There is a clear need for gender empowerment solutions that are lacking in governmental, corporate and organizational policies. In a 2021 “World Scientists’ Warning” study, a review of 212 climate mitigation policy commentaries found that population and social justice appeared less frequently than other solutions like energy, food and the economy. A 2022 Center study showed that gender equity solutions are missing from municipal climate plans, despite the fact that women and gender-diverse people are disproportionately affected by climate change.

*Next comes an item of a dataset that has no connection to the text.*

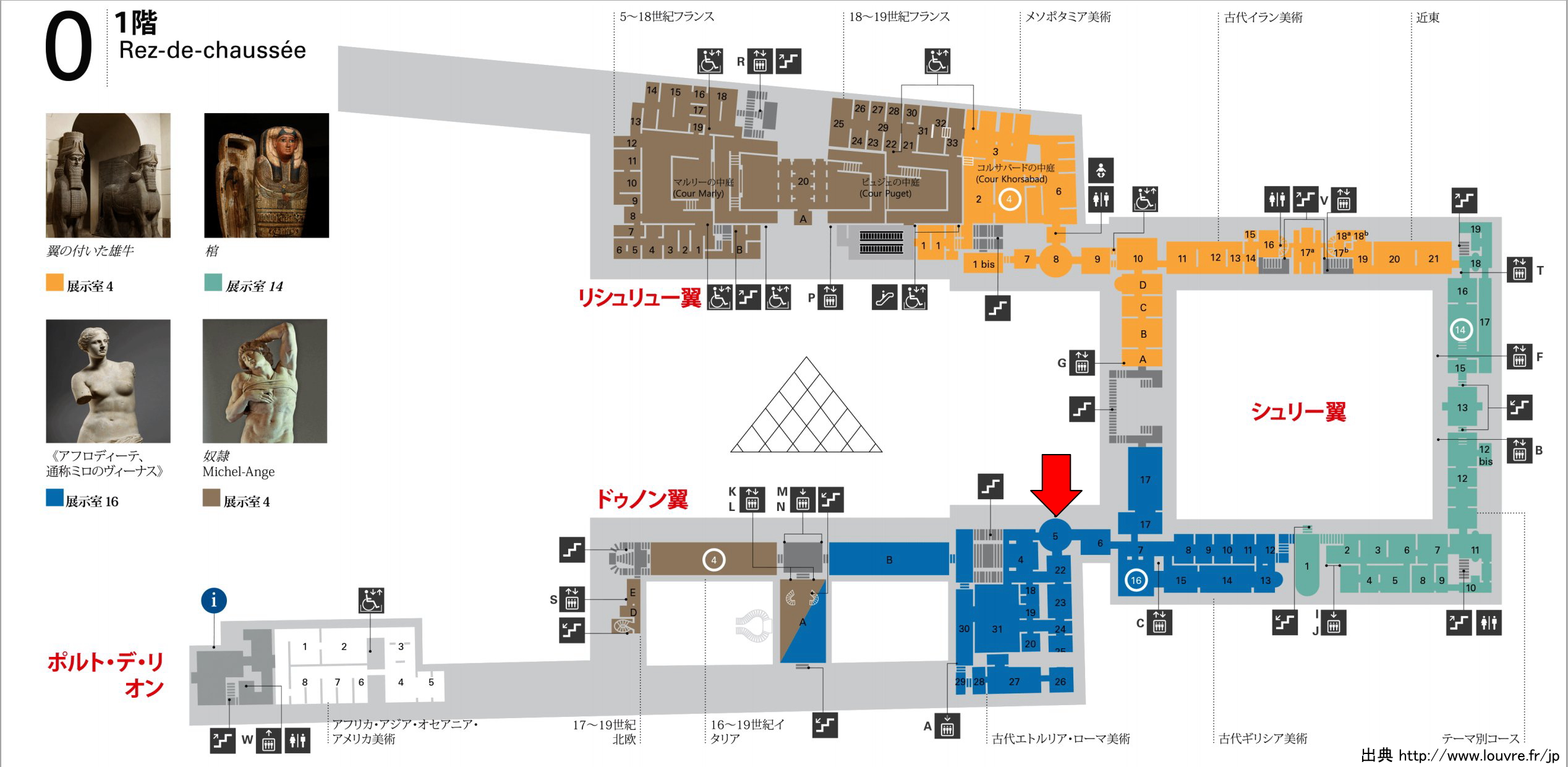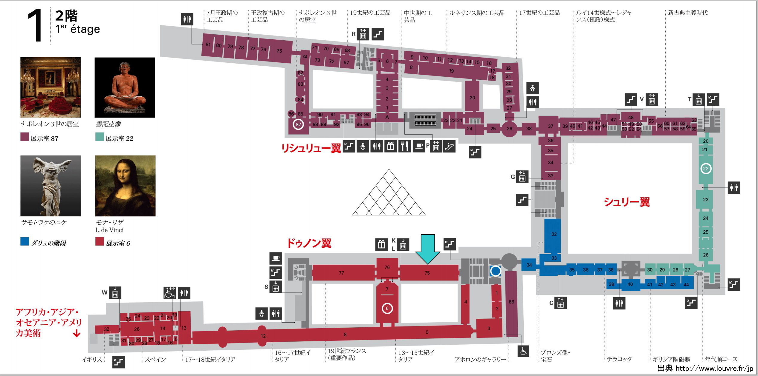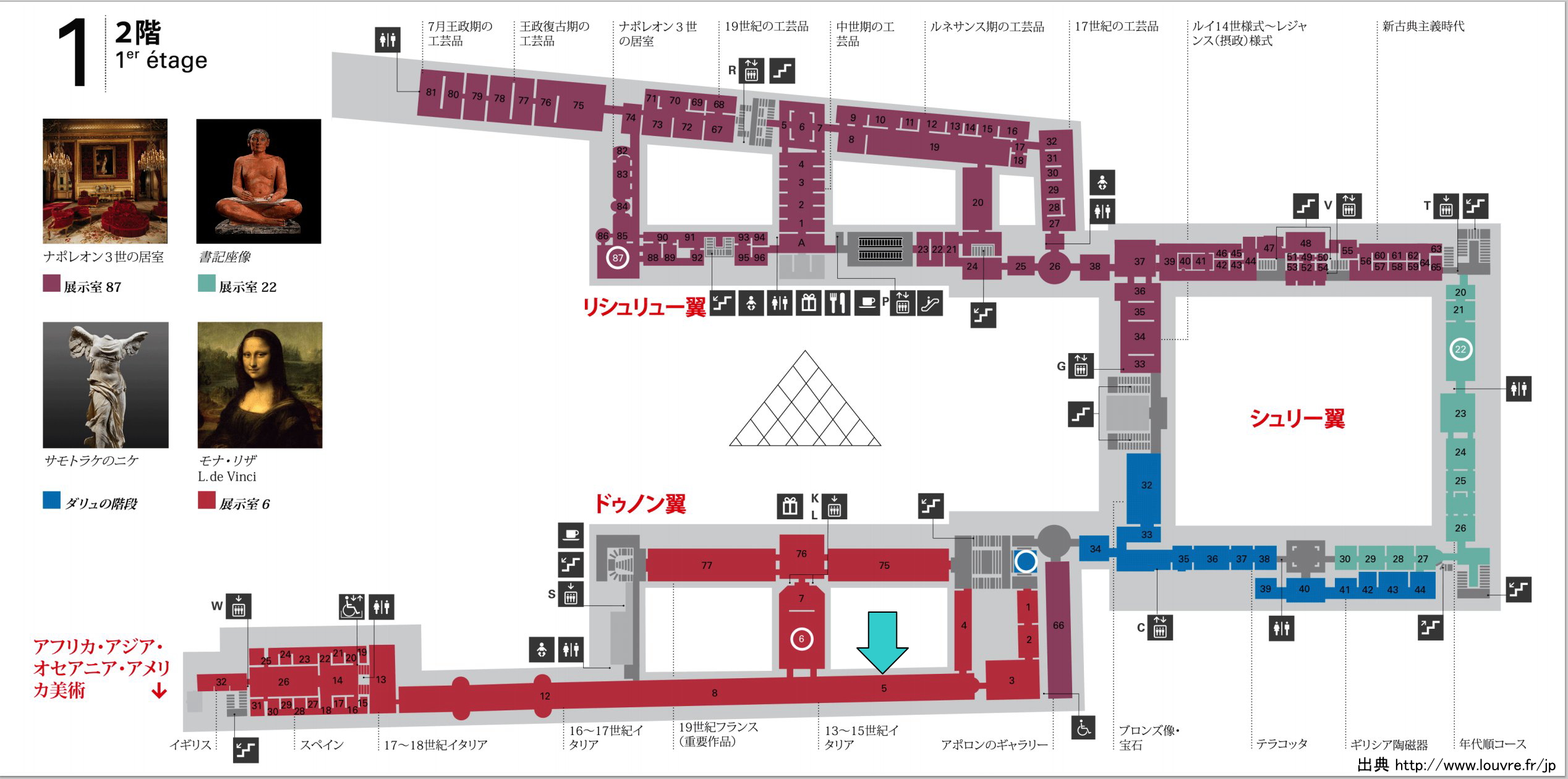 | デノン 2階大ギャラリー ルーム5 [Denon 1er étage Grande Galerie Salle 5] 注:フランス語の 1er étage は日本では2階に相当する。 ヨーロッパ諸国では日本で言う1階はグラウンドやロビーなどと呼び、2階から1階、2階、3階・・・・・・・と数えて呼んでいる。 (館内見取り図) |
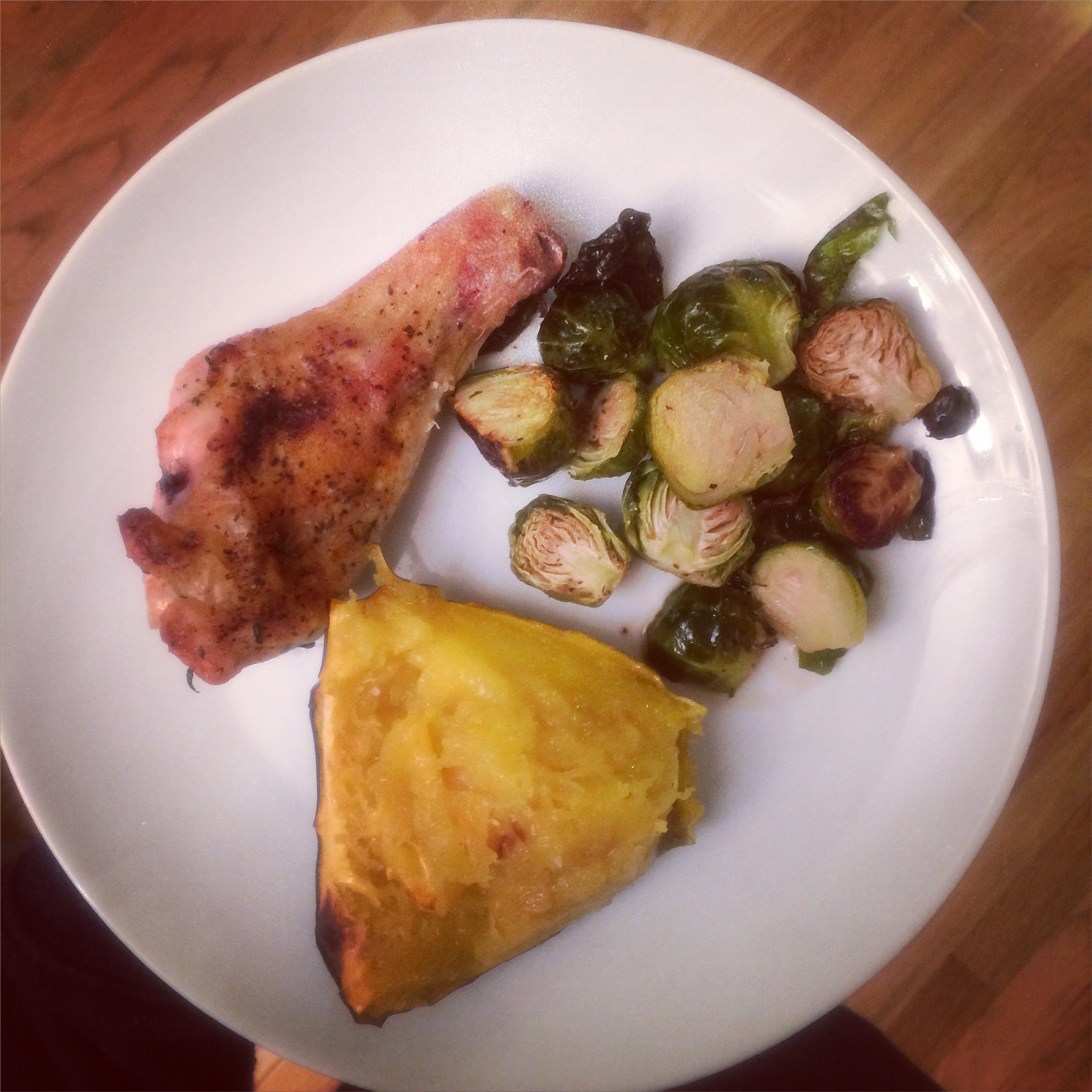 I made this again, except I swapped out the carrots and potatoes for Brussels sprouts and OH MY GOSH, SO GOOD. I cut up a whole chicken by myself and part of me was thinking “this is so gross!” and the other part of me was thinking “thank you, chicken, for giving up your life for my dinner.” It was a weird mix of emotions. Oh and I made this acorn squash on the side and it was the best. But seriously, get your hands on this chicken recipe ASAP, because it’s life changing.

The pressure of population growth makes it harder to meet emissions-reduction targets while magnifying climate change’s detrimental consequences on humans and other species. While addressing population growth is a long-term mitigation strategy, there are also short-term adaptation benefits, including improved health care, empowerment and other positive social outcomes.

Case Study

The great white polar bear is the youngest and largest of the world’s bear species. As top Arctic predators, polar bears often eat only seals’ skin and blubber, leaving the carcass for other animals to scavenge, and thus play a critical role in the Arctic food chain. But they need sea ice to hunt, and if unchecked global warming continues melting their habitat, two-thirds of the world’s polar bears could be extinct by 2050. As hunting becomes harder and polar bears move closer to people for survival, deadly interactions with humans become more frequent. To save their remaining habitat we must rapidly transition from fossil fuels to clean renewable energy, transform agriculture and manufacturing, and implement long-term strategies such as gender equity and living lower carbon lifestyles.